Task Background: This assignment involves solving problems by using various discrete techniques to model the problems at hand. Quite often, these models form the foundations for writing computer programming code that automate the tasks. To carry out these tasks effectively, a working knowledge of sets, relations, graphs, finite automata structures and Grammars is necessary.
Part I: Set Theory

Look up a roulette wheel diagram. The following sets are defined:

A = the set of red numbers
B = the set of black numbers
C = the set of green numbers
D = the set of even numbers
E = the set of odd numbers
F = {1,2,3,4,5,6,7,8,9,10,11,12}
From these, determine each of the following:

A∪B
A∩D
B∩C
C∪E
B∩F
E∩F
Part II: Relations, Functions, and Sequences

The implementation of the program that runs the game involves testing.
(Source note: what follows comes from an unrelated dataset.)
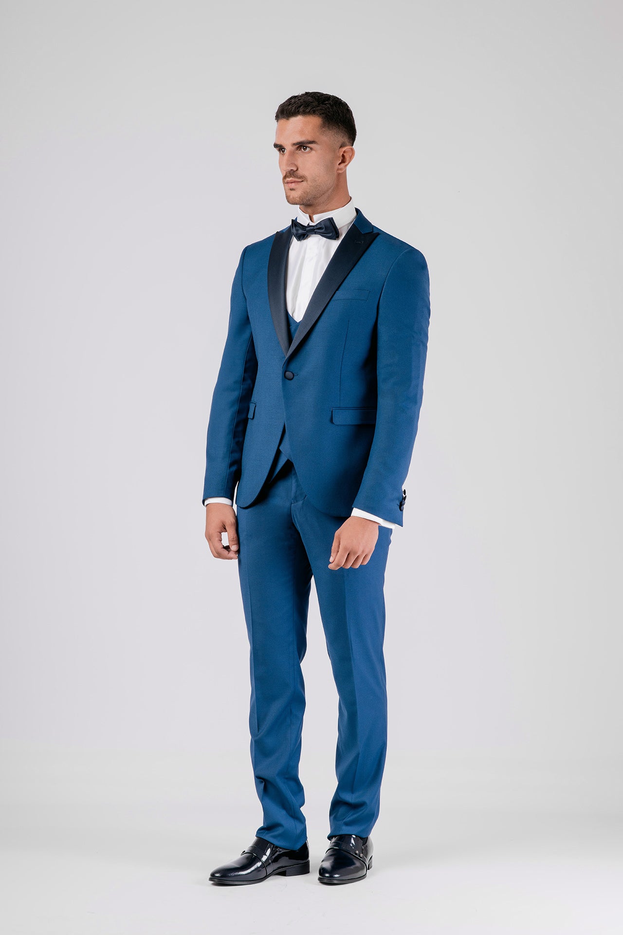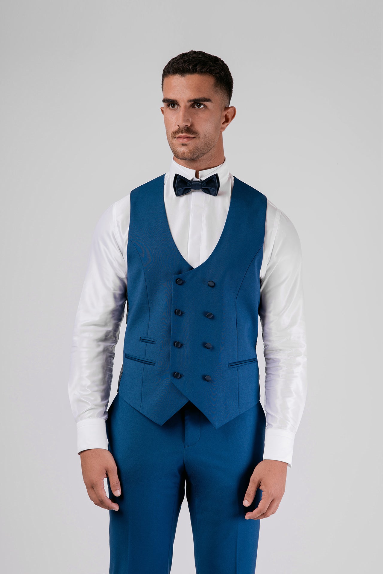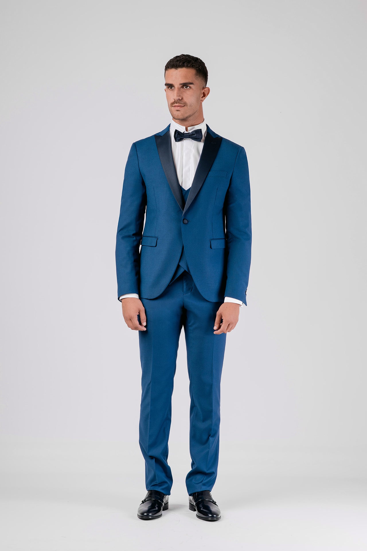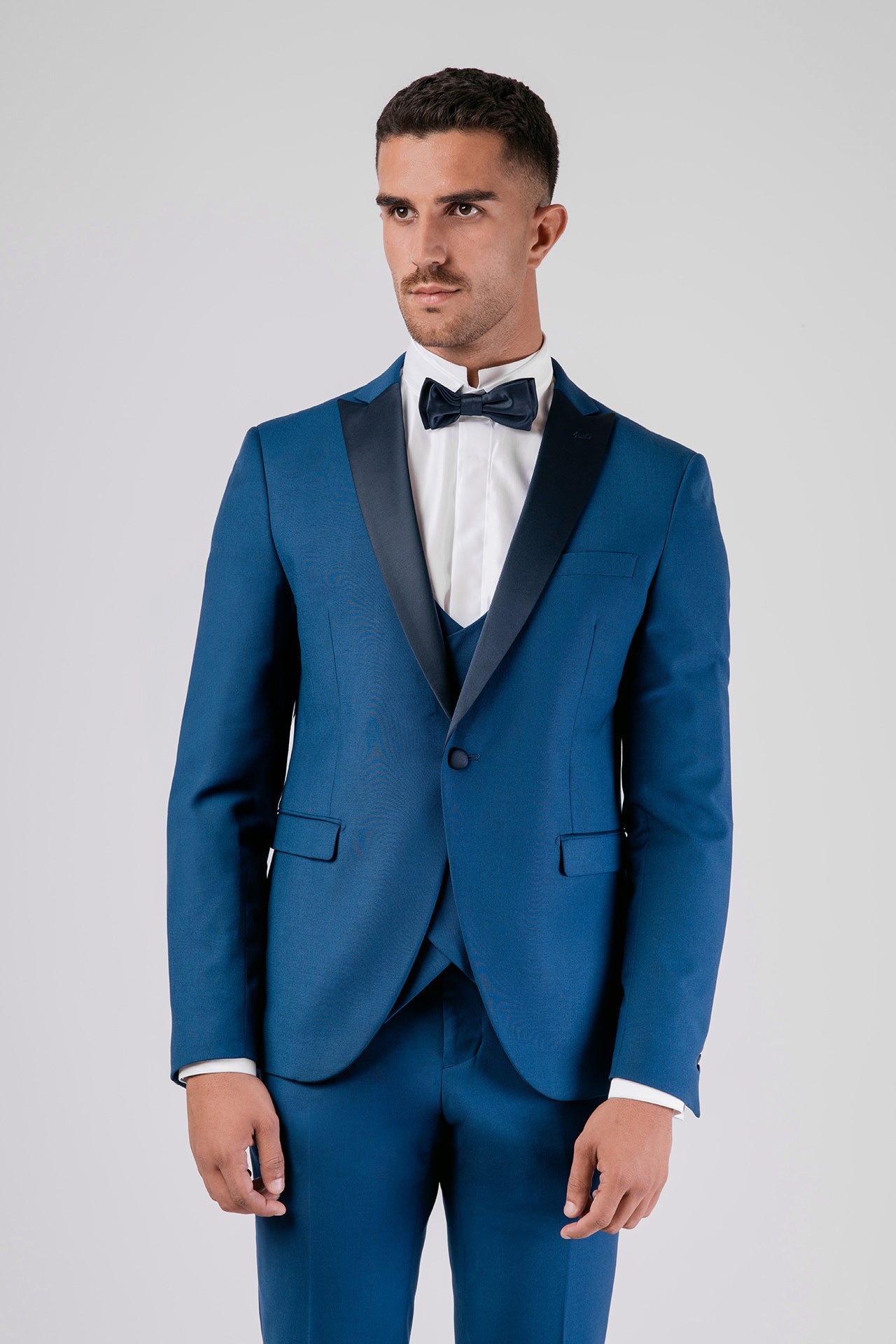Abito in tessuto misto lana color bluette con dettagli in raso a contrasto. Gilet e papillon coordinati completano un look elegante, dal gusto contemporaneo e versatile.
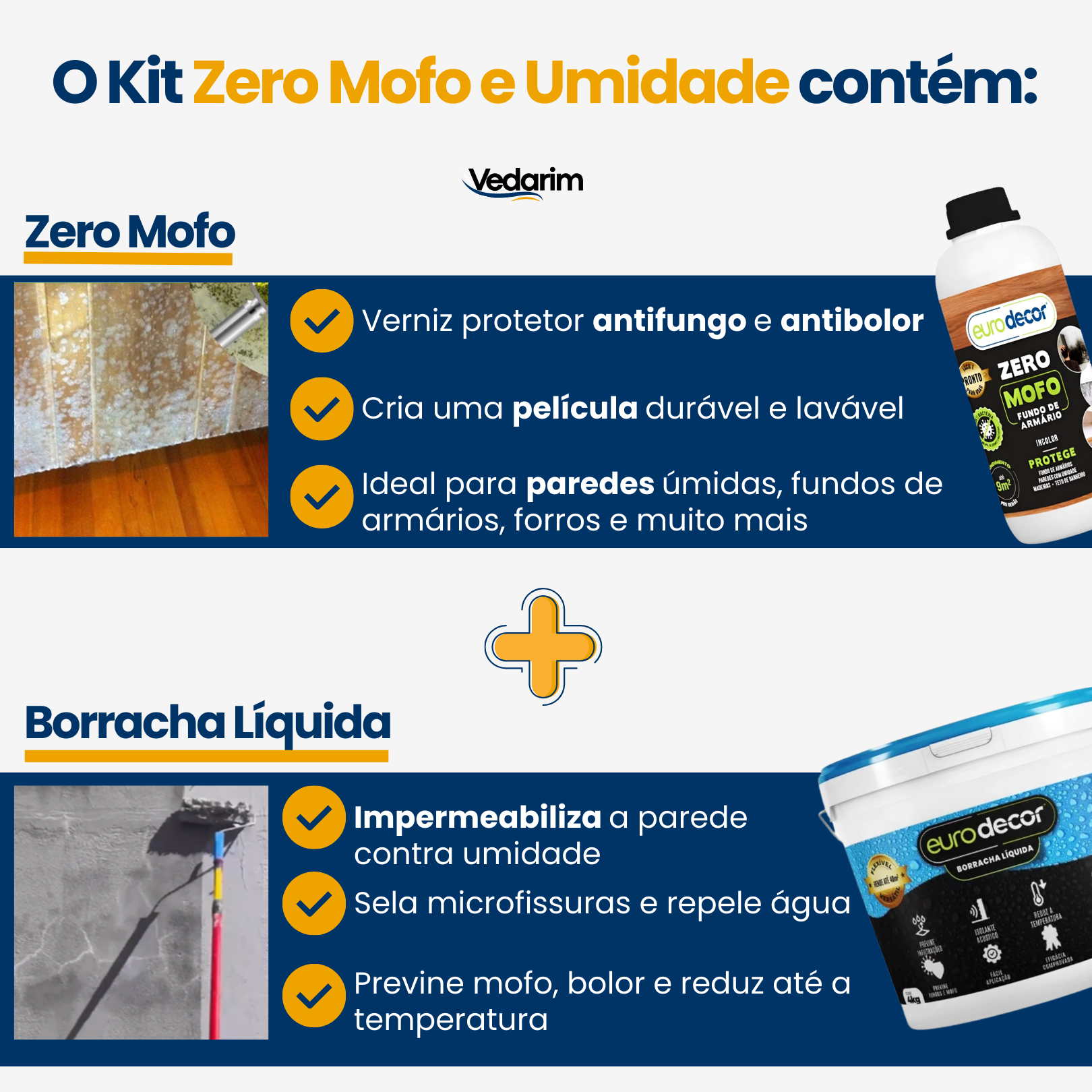 Kit ZERO MOFO E UMIDADE – Borracha Líquida + Zero Mofo | Parede livre infiltração e bolor

One of the necessary tests is to see if the simulated spins are random. Create an n-ary relation, in table form, that depicts possible results of 10 trials of the game. Include the following results of the game:

Number
Color
Odd or even (note: 0 and 00 are considered neither even nor odd.)
Also include a primary key. What is the value of n in this n-ary relation?

Part III: Graphs and Trees

Create a tree that models the following scenario. A player decides to play a maximum of 4 times, betting on red each time. The player will quit after losing twice. In the tree, any possible last plays will be an ending point of the tree. Branches of the tree should…...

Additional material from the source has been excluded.